Metadata-Version: 2.4
Name: gemini-live-interrupt
Version: 0.1.0
Summary: Drop-in interrupt-resume for the google-genai Live API. One function call, zero code changes.
License-Expression: MIT
Project-URL: Homepage, https://github.com/krishnankumar/gemini-live-transcript
Project-URL: Issues, https://github.com/krishnankumar/gemini-live-transcript/issues
Keywords: gemini,live-api,interrupt,resume,vertex-ai,google-genai
Classifier: Development Status :: 3 - Alpha
Classifier: Intended Audience :: Developers
Classifier: Programming Language :: Python :: 3
Classifier: Programming Language :: Python :: 3.11
Classifier: Programming Language :: Python :: 3.12
Classifier: Programming Language :: Python :: 3.13
Classifier: Topic :: Software Development :: Libraries :: Python Modules
Requires-Python: >=3.11
Description-Content-Type: text/markdown
Requires-Dist: google-genai
Requires-Dist: wrapt

# gemini-live-interrupt

Automatic interrupt-resume for the Gemini Live API. When a user interrupts the model mid-sentence, this package injects context behind the scenes so the model knows what it was saying, what the user said, and can decide whether to continue, pivot, or blend both.

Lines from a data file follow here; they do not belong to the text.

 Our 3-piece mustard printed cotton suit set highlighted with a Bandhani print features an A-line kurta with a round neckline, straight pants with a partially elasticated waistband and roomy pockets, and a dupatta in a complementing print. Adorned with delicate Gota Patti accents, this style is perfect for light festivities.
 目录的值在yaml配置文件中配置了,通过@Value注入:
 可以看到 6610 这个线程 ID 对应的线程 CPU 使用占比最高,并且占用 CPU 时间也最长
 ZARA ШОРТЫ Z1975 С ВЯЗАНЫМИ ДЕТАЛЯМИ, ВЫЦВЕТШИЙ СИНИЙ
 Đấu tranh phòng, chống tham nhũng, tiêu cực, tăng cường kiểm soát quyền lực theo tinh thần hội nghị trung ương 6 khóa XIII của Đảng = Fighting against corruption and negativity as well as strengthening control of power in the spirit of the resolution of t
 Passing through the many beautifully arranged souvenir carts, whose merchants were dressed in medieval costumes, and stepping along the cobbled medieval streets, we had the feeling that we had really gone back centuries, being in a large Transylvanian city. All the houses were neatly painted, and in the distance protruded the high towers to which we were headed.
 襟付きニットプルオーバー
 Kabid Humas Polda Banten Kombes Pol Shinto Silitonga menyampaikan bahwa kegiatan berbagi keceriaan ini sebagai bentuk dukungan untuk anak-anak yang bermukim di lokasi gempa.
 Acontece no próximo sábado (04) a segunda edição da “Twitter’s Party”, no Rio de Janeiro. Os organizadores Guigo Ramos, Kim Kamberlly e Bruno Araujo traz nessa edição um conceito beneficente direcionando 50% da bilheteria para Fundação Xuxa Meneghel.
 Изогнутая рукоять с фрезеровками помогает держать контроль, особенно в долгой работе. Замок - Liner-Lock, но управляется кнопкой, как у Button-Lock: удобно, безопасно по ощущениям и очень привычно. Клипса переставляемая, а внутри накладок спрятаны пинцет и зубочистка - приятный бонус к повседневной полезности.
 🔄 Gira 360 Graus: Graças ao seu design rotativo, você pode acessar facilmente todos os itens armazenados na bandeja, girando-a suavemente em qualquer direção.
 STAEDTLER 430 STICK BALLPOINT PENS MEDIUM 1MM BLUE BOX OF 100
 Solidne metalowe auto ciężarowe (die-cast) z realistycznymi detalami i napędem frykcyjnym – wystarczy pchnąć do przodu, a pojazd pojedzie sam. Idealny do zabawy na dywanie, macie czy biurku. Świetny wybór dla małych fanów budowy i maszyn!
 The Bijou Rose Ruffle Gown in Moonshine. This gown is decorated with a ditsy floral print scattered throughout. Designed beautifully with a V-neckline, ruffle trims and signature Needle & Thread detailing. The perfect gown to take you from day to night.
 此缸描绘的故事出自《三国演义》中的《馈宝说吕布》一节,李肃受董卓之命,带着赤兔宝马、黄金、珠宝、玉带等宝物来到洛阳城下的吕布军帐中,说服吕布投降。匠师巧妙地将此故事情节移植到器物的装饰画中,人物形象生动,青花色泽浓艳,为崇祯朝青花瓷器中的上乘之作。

Works with any existing `google-genai` application. No code changes required beyond a single function call.

## Install

```bash
pip install gemini-live-interrupt
```

## The Problem

When using the Gemini Live API for real-time audio conversations, users can interrupt the model at any time. The API sends an `interrupted` signal, but the model has no memory of what it was saying or how far it got. On its next response, it starts fresh — losing the context of the interrupted response entirely.

For example, if the model is telling a 5-line story and the user interrupts at line 2, the model won't know to continue from line 2. It either starts over, or moves on as if the story never happened.

## How This Package Solves It

Call `enable_interrupt_resume()` once before you connect to the Gemini Live API. After that, every live session automatically:

1. Tracks what the model was saying (output transcription)
2. Tracks what the user said (input transcription)
3. Detects when an interruption happens
4. Injects a context-recovery prompt to the model with what was said and what to do next

The model then decides the right course of action based on the context.

## Step-by-step Usage

### Step 1: Install the package

```bash
pip install gemini-live-interrupt
```

### Step 2: Add one line to your existing code

Add `enable_interrupt_resume()` **before** you create any live sessions:

```python
from gemini_live_interrupt import enable_interrupt_resume

enable_interrupt_resume()
```

That's it. Your existing `google-genai` code does not need any other changes.

### Step 3: Make sure transcription is enabled in your config

The package reads the transcription text that the Gemini Live API provides. For this to work, your `LiveConnectConfig` must have input and output transcription enabled:

```python
config = {
    "response_modalities": ["AUDIO"],
    "input_audio_transcription": {},
    "output_audio_transcription": {},
    # ... your other config
}
```

If transcription is not enabled, the package has nothing to track and interruptions won't be handled.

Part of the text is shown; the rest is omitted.